File Number: 57532-0018-Letters
Web site:www.langmichener.com
Direct Line: (604) 691-7445
Direct Fax Line: (604) 893-2679
E-Mail: tdeutsch@lmls.com
November 15, 2007
Filed as correspondence on EDGAR and faxed
Securities and Exchange Commission
Division of Corporation Finance
100 F Street, N.E.
Washington, D.C.
U.S.A., 20549-7010
Mail Stop 3561
Attention: Mr.H. Christopher Owings, Assistant Director
Dear Mr.
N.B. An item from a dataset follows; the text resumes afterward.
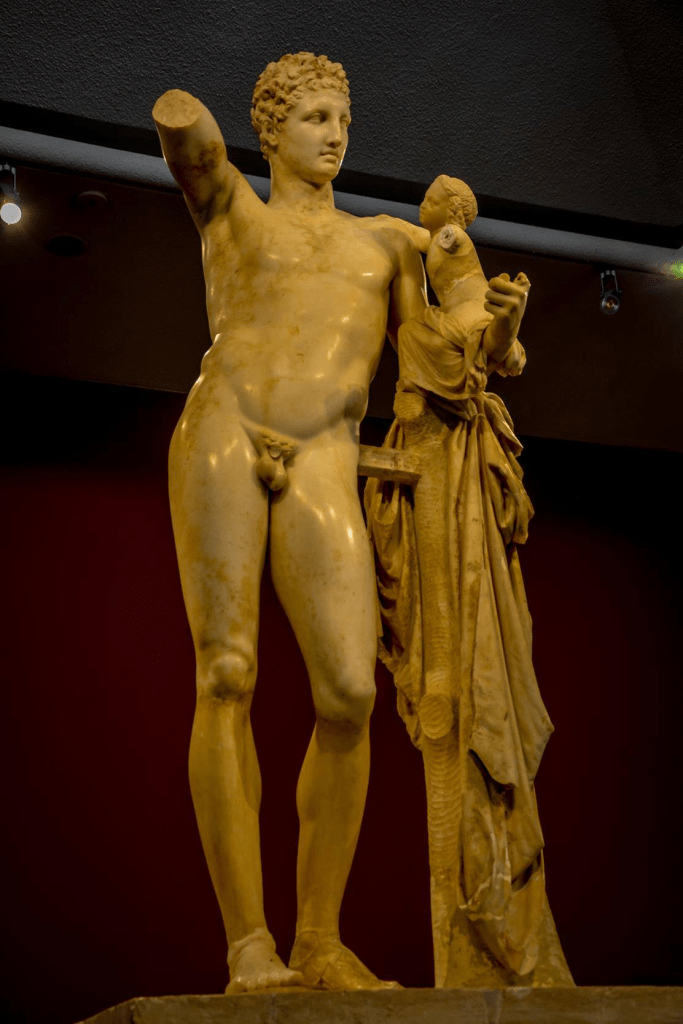 Hermes cu Dionisos copil, Praxitele, Muzeul Arheologic din Olimpia, Grecia

Owings:
Re:
Naturally Advanced Technologies Inc. (the "Company" or "NAT")
Form 10-KSB for Fiscal Year Ended December 31, 2006, Filed April 2, 2007
Form 10-KSB/A for Fiscal Year Ended December 31, 2005, Filed June 6, 2007
Form 10-KSB/A for Fiscal Year Ended December 31, 2004, Filed June 15, 2007
Form 10-QSB for Fiscal Quarter Ended March 31, 2007, Filed May 15, 2007
Form 10-QSB/A for Fiscal Quarter Ended September 30, 2006, Filed June 6, 2007
Form 10-QSB/A for Fiscal Quarter Ended September 30, 2005, Filed June 6, 2007
Form 10-QSB/A for Fiscal Quarter Ended June 30, 2005, Filed June 15, 2007
Form 10-QSB/A For Fiscal Quarter Ended March 31, 2005, Filed June 15, 2007
Response Letter Dated June 6, 2007
File No. 0-50367
Response to SEC Comment Letter dated July 12, 2007
We are counsel for the above-referenced Company and we are pleased to respond, on behalf of the Company, to the comments of the reviewing staff (the "Staff") of the Securities and Exchange Commission (the "SEC") as set forth in the SEC's comment letter of July 12, 2007 in this matter (the "SEC Letter"), as addressed to the Company, and therein responding to our firm's previous response letter of June 6, 2007 in this matter (the "Previous Response Letter"), as addressed to the SEC and therein responding to the SEC's previous comment letter of March 12, 2007 relating to this matter (the "Previous SEC Letter").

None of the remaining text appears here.